Something like this.

I'll let you know what our impression was about Southern Spain


----------



## Tanager (Mar 14, 2009)

_
"Apparently the weather is much cooler at the end of September, but still considerably warmer than the west coast of Ireland - lol "_

That's for sure - lol - We live on the east coast of Ireland close to the NI
Right now the max. temperature is 20 degrees. So it will be definitely warmer in Sept. in Spain.


----------



## Tanager (Mar 14, 2009)

Cazzy said:


> Some of them, they can be quite expensive!!


You mean the b&b's?

We've found a couple of them for 30, 40, 45 euro per night (incl. breakfast).
I think their price is pretty good compare to b&b's in Ireland.


----------



## XTreme (May 17, 2008)

Tanager said:


> Hello Mr Doggy,
> 
> I think we will enjoy the Almería region, I only saw pics about it but I've already like it. Nobody will chase me away from there
> 
> ...


Baza is a real dump!


----------



## Tanager (Mar 14, 2009)

I guess you don't like the place.
We'll see


----------



## XTreme (May 17, 2008)

Tanager said:


> I guess you don't like the place.
> We'll see


You've picked out the grimmest place within a 50 mile radius.....you'll see that when you get there.


----------



## Tanager (Mar 14, 2009)

Why do you think Granada, Marbella and Malaga are grimm??

We have different tastes.


----------



## Pesky Wesky (May 10, 2009)

Quote:
Originally Posted by Cazzy 
Some of them, they can be quite expensive!! 




Tanager said:


> You mean the b&b's?
> 
> We've found a couple of them for 30, 40, 45 euro per night (incl. breakfast).
> I think their price is pretty good compare to b&b's in Ireland.



I dunno, but i think Cazzy means the motorways


----------



## Pesky Wesky (May 10, 2009)

XTreme said:


> You've picked out the grimmest place within a 50 mile radius.....you'll see that when you get there.
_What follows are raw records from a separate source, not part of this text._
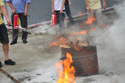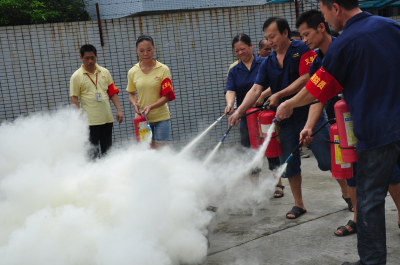 员工安全抵达厂外后领导开始讲解灭火器使用方法
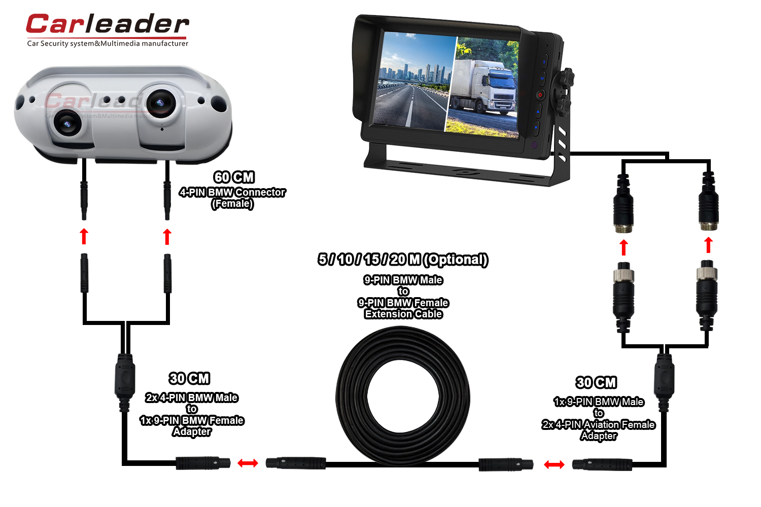 Pierwsze rozwiązanie wykorzystuje tylko jeden przedłużacz (9-pinowe złącze BMW), kabel rozdzielony 1 na 2 po obu stronach, aby podłączyć kamerę i monitor. Ponieważ w tym rozwiązaniu mamy tylko przedłużacz, co sprawia, że proces okablowania jest łatwiejszy i wygodniejszy.
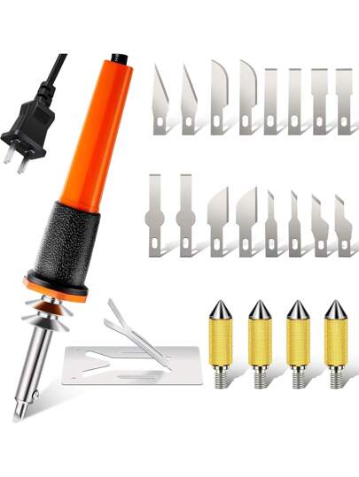 Electric Hot Knife Cutter Kit, Includes Multi-Purpose Hot Knife Plastic Cutter (With 16 Blades, 4 Holders, Metal Base), Hot Knife Foam Cutter For Flexible Thin Plastic Foam Templates

Why so negative Xtreme? Are you talking about *all *the places Tanager has put on her route or just one that you personally don't like?


----------



## XTreme (May 17, 2008)

Pesky Wesky said:


> Why so negative Xtreme? Are you talking about *all *the places Tanager has put on her route or just one that you personally don't like?


Just Baza!


----------



## SteveHall (Oct 17, 2008)

Cant see why you have included Mijas. I quite like it - no I DO like it - but it's only really a coffee stop and great views. I have a bank there and always enjoy wasting an hour going there and bank from Los Boliches! For a mountain village/town I think Ronda wins hand down but if I you should go to Mijas I'd definitely include Benalmádena Pueblo 10 minutes away. 

Baza ?!?!?!? If you want a stop on that stretch I'd suggest Lorca or Guadix or just off the motorway Iznájar. 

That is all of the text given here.